**Try it**
Retype, exactly and with both ends included, the lines below from the one containing "Quali attività sono" through the end; omit the pictures.

**Dataset extract**
═══

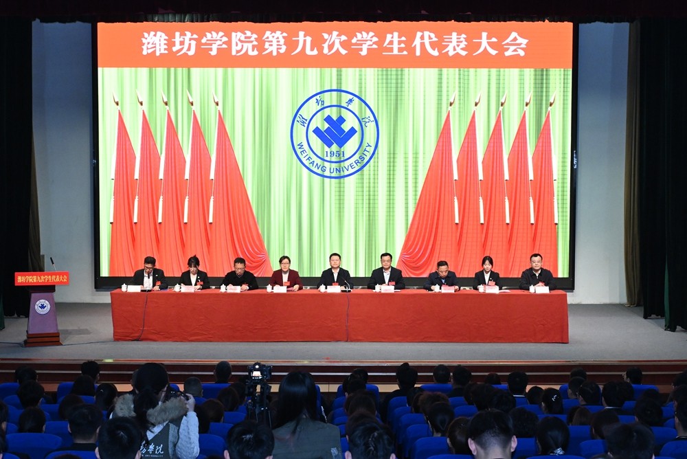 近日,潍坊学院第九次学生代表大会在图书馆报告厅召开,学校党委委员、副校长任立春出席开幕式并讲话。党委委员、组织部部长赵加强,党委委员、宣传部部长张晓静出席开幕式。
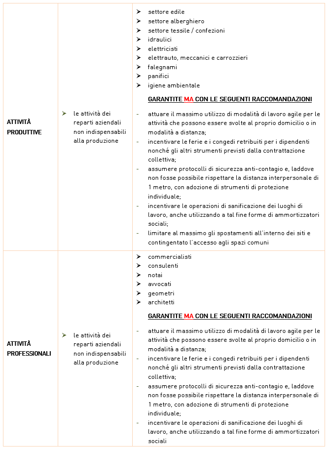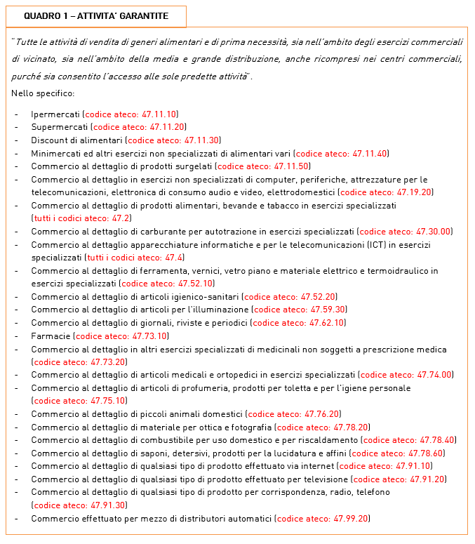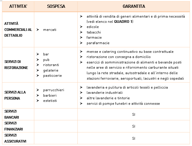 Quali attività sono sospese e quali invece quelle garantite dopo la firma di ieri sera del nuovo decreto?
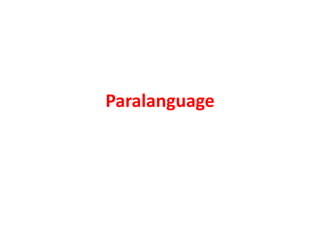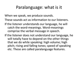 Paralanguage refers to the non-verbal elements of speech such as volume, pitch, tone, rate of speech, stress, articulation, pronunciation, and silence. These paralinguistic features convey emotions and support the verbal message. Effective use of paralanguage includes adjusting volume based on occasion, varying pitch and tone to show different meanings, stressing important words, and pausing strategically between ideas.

═══

**Answer box**
 Quali attività sono sospese e quali invece quelle garantite dopo la firma di ieri sera del nuovo decreto?
 Paralanguage refers to the non-verbal elements of speech such as volume, pitch, tone, rate of speech, stress, articulation, pronunciation, and silence. These paralinguistic features convey emotions and support the verbal message. Effective use of paralanguage includes adjusting volume based on occasion, varying pitch and tone to show different meanings, stressing important words, and pausing strategically between ideas.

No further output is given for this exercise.